Find the time period of mass $M$ when displaced from its equilibrium position and then released for the system shown in the figure.

(N/A) Let the spring constant be $k$. When the mass $M$ is displaced downwards by a distance $x$,the pulley moves down by $x$. Since the string is inextensible and passes over the pulley,both sides of the string attached to the pulley must move down by $x$. This causes the spring to stretch by an additional $2x$.
The change in the spring force is $\Delta F = k(2x) = 2kx$.
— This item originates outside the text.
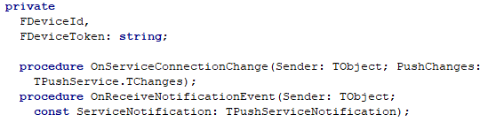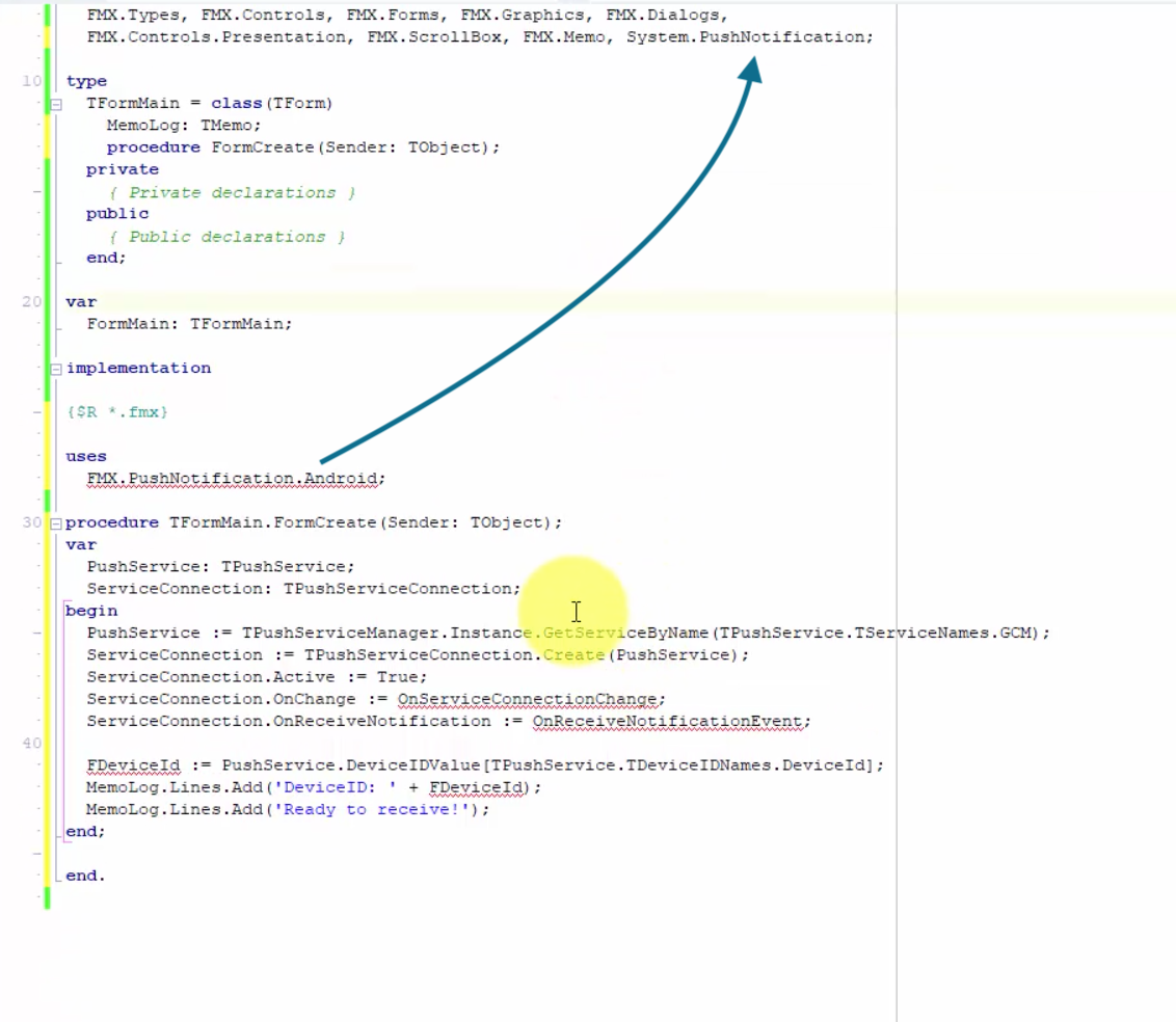 또한, interface uses 절에 System.PushNotification을 추가합니다.

Since the string is connected to the pulley on both sides,the restoring force $F_{rest}$ acting on the mass $M$ is the sum of the tension changes on both sides of the pulley. Each side of the string experiences a tension change of $\Delta T = k(2x) = 2kx$.
Therefore,the total restoring force is $F_{rest} = 2 \times \Delta T = 2 \times (2kx) = 4kx$.
Comparing this with the standard $SHM$ restoring force equation $F = -k_{eff}x$,we get the effective spring constant $k_{eff} = 4k$.
The time period $T$ of the system is given by $T = 2\pi \sqrt{\frac{M}{k_{eff}}} = 2\pi \sqrt{\frac{M}{4k}} = \pi \sqrt{\frac{M}{k}}$.